[Dataset records — start]
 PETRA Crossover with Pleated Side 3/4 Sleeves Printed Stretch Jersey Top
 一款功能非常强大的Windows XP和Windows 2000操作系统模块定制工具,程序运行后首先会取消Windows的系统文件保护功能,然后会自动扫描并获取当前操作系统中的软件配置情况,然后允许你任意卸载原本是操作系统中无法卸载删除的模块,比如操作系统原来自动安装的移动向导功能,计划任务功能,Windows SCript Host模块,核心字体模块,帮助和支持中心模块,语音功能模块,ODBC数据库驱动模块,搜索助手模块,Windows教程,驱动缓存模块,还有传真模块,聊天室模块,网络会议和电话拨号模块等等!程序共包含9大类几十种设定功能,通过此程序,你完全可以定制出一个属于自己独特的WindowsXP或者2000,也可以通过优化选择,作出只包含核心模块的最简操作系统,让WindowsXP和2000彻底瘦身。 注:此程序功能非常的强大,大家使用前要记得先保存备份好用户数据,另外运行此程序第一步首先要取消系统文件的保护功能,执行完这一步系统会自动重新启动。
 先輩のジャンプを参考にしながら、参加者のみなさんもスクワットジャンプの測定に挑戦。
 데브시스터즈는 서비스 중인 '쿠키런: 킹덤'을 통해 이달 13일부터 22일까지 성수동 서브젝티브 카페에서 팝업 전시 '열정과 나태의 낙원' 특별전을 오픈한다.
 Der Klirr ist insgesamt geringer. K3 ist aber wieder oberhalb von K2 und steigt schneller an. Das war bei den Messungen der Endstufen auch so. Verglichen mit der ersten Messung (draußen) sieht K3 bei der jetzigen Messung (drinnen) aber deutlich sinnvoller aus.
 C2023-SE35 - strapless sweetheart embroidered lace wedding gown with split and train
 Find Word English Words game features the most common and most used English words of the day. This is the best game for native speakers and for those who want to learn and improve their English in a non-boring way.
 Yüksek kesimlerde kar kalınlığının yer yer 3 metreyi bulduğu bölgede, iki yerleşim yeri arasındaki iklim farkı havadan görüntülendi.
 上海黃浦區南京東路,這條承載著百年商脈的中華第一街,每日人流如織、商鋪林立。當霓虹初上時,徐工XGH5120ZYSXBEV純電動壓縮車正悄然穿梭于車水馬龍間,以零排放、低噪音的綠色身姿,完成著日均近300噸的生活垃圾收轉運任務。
[Dataset records — finish]
**What you should do:** Your task is to retype the whole listing, keeping every word exactly as it is.

**Solved exercise:**
 PETRA Crossover with Pleated Side 3/4 Sleeves Printed Stretch Jersey Top
 一款功能非常强大的Windows XP和Windows 2000操作系统模块定制工具,程序运行后首先会取消Windows的系统文件保护功能,然后会自动扫描并获取当前操作系统中的软件配置情况,然后允许你任意卸载原本是操作系统中无法卸载删除的模块,比如操作系统原来自动安装的移动向导功能,计划任务功能,Windows SCript Host模块,核心字体模块,帮助和支持中心模块,语音功能模块,ODBC数据库驱动模块,搜索助手模块,Windows教程,驱动缓存模块,还有传真模块,聊天室模块,网络会议和电话拨号模块等等!程序共包含9大类几十种设定功能,通过此程序,你完全可以定制出一个属于自己独特的WindowsXP或者2000,也可以通过优化选择,作出只包含核心模块的最简操作系统,让WindowsXP和2000彻底瘦身。 注:此程序功能非常的强大,大家使用前要记得先保存备份好用户数据,另外运行此程序第一步首先要取消系统文件的保护功能,执行完这一步系统会自动重新启动。
 先輩のジャンプを参考にしながら、参加者のみなさんもスクワットジャンプの測定に挑戦。
 데브시스터즈는 서비스 중인 '쿠키런: 킹덤'을 통해 이달 13일부터 22일까지 성수동 서브젝티브 카페에서 팝업 전시 '열정과 나태의 낙원' 특별전을 오픈한다.
 Der Klirr ist insgesamt geringer. K3 ist aber wieder oberhalb von K2 und steigt schneller an. Das war bei den Messungen der Endstufen auch so. Verglichen mit der ersten Messung (draußen) sieht K3 bei der jetzigen Messung (drinnen) aber deutlich sinnvoller aus.
 C2023-SE35 - strapless sweetheart embroidered lace wedding gown with split and train
 Find Word English Words game features the most common and most used English words of the day. This is the best game for native speakers and for those who want to learn and improve their English in a non-boring way.
 Yüksek kesimlerde kar kalınlığının yer yer 3 metreyi bulduğu bölgede, iki yerleşim yeri arasındaki iklim farkı havadan görüntülendi.
 上海黃浦區南京東路,這條承載著百年商脈的中華第一街,每日人流如織、商鋪林立。當霓虹初上時,徐工XGH5120ZYSXBEV純電動壓縮車正悄然穿梭于車水馬龍間,以零排放、低噪音的綠色身姿,完成著日均近300噸的生活垃圾收轉運任務。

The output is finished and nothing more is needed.